Tchulkaturin supports his self-assessment as superfluous with the "folly" of his life, a failed three week love affair which he claims was his only happiness. Through this vehicle Turgenev explores the themes of love, passion, illusion and will versus weakness, which is also the focus of the companion story, First Love.
Tchulkaturin remembers bliss and humiliation, but he did take action. We see that no one wants to be rescued from passion, not even Tchulkaturin. Does it matter whether he reached his goal? The townspeople eventually esteemed him--perhaps he did make a social contribution and wasn't, afterall, a superfluous man. Irony upon irony and no answers.
In his small room, confronting death, Tchulkaturin realizes that none of the pathetic facts of his life matter. Yet he laments he has "gained sense" too late. He sees what things have had meaning for him. No matter how small, he wants to hold onto them--he wants to live. The tragedy is that Tchulkaturin is universal, not superfluous. He, like most of us, come to realize that it is part of the human condition to feel that happiness and life seem to have hardly begun when nearly over.
At the end of the diary, after Tchulkaturin has died, Turgenev adds another ironic touch that doubles as a social comment and as a device to force the infinitely unvarnished and necessary view that life goes on however it will, regardless of how we may think we have lived.
First Love is the story of an adolescent who falls in love with the same woman as his father. It sensitively portrays the transformation of a child to a young man, precipated by his first passion. The unusual triangle intensifies the suspence as we wonder how the son will find out who his rival is--he knows there is one. His inevitable realization deepens his emotional life and his understanding of the complexities of human life.
The story has an episodic structure from which the poetry and drama effortessly unfold, showing the son's growing love and helpless flip-flopping from child to man.The parlor games portentuously hint at the untold subplot. No character is wasted. Each has a distinct purpose for plot development and highlighting the boy's predicament.

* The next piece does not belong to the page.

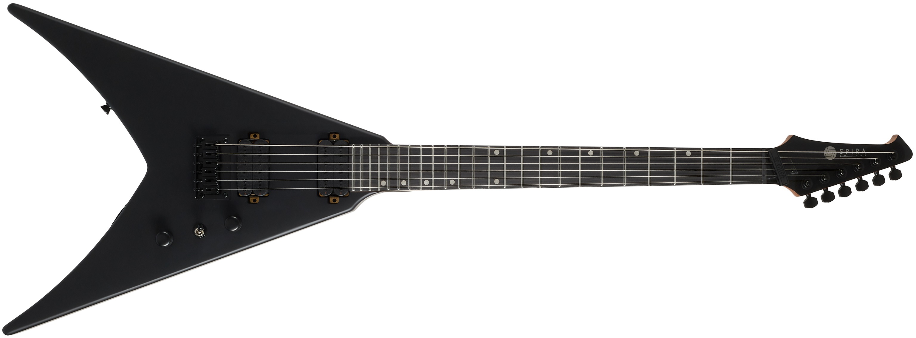 Elektrická kytara Značka Spira Guitars nabízí cenově dostupné elektrické kytary v moderním designu osazené silnými snímači určené hráčům hard a heavy stylů. Jedná se o projekt lidí z tábora Jet Guitars, tj. značky známé výrobou “budget” kytar v tradičních designech. V případě kytar Spira Guitars se počítá jenom šťavnaté high-gain zkreslení a “full chug”. Elektrická kytara V-400 MBK je klasické “véčko”, tj. vychází z tvaru modelů Flying V. Nabízí tělo zhotovené z “pečeného” topolu (roasted poplar), krk z kan

Turgenev's incomparable nature depictions have such a clarity of vision that vivid and penetrating images automatically arise in the mind's eye whether he uses them to symbolically presage events or to reflect a character's emotional state. Or, Turgenev can use his visions of the expansive beauty of nature in opposition to the character's emotional condition to distance us from it to show human insignifcance in the face of the vastness of existence.
The pairing of The Diary with First Love is good. Each is a meditation on life, love and death. The juxtaposition of the two love stories, the neurotic dying man, the intelligent, passionate young son, and the powerful, archetypal father stimulate profound thought: How should life be lived--passionately or safely? Why to we cling to life so, no matter how we perceive it? Who decides whose life is superfluous and whose is meaningful? What are the criteria? Is any life meaningful? Does it matter how we have lived if we can discard our regrets and wonder at the paradoxical smallness and greatness of life? Is any significance we attach to life a mere crutch to face life or a crutch to face death? Each rereading of the stories reveals more perspectives and more layers of meaning.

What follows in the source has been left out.